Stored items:
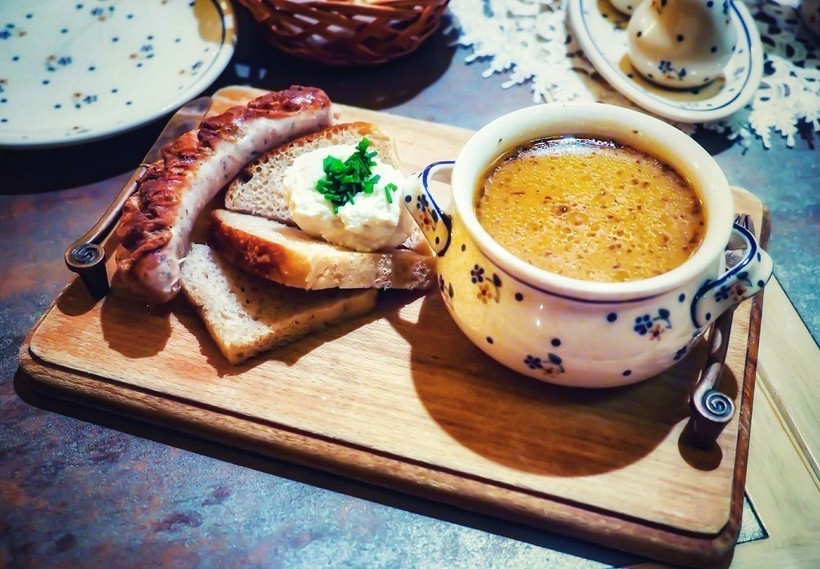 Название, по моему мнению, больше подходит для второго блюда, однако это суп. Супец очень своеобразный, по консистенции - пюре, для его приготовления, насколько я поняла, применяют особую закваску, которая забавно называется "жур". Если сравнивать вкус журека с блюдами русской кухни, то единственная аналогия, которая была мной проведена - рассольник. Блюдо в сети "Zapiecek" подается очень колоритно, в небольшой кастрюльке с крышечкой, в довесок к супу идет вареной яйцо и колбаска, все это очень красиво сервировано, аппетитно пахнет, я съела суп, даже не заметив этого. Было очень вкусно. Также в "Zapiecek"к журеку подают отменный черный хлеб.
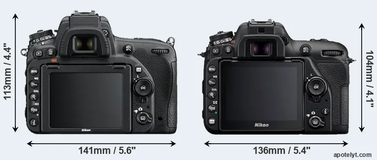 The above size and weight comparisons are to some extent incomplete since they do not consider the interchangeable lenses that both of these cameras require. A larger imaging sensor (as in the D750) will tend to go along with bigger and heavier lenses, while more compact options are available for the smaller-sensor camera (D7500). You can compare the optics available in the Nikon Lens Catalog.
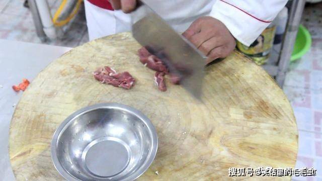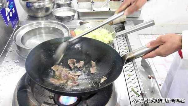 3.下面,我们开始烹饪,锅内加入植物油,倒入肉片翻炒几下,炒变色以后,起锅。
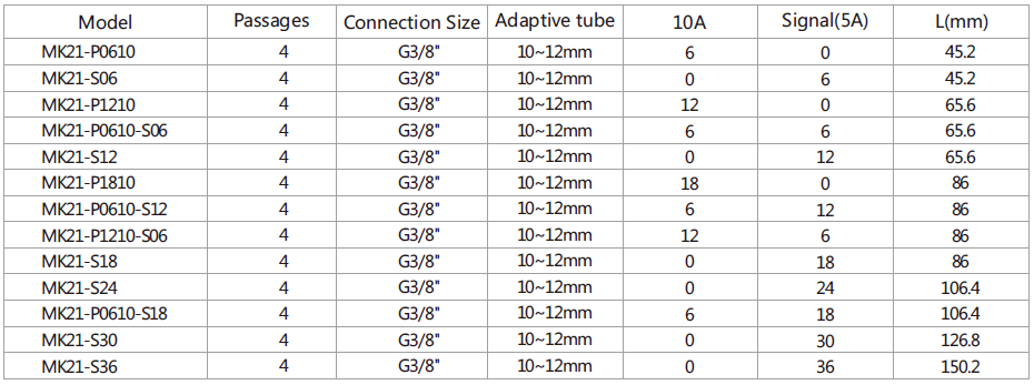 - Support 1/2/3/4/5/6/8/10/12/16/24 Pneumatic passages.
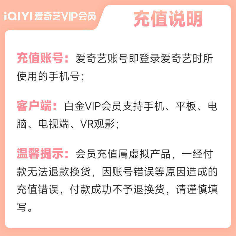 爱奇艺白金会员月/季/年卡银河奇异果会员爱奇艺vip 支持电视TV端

#### Aim of the exercise
The lines wanted run from the one with "- Support 1/2/3/4/5/6/8/10/12/16/24" through the final line of the data; repeat them word for word and skip every picture.

#### Answer space
 - Support 1/2/3/4/5/6/8/10/12/16/24 Pneumatic passages.
 爱奇艺白金会员月/季/年卡银河奇异果会员爱奇艺vip 支持电视TV端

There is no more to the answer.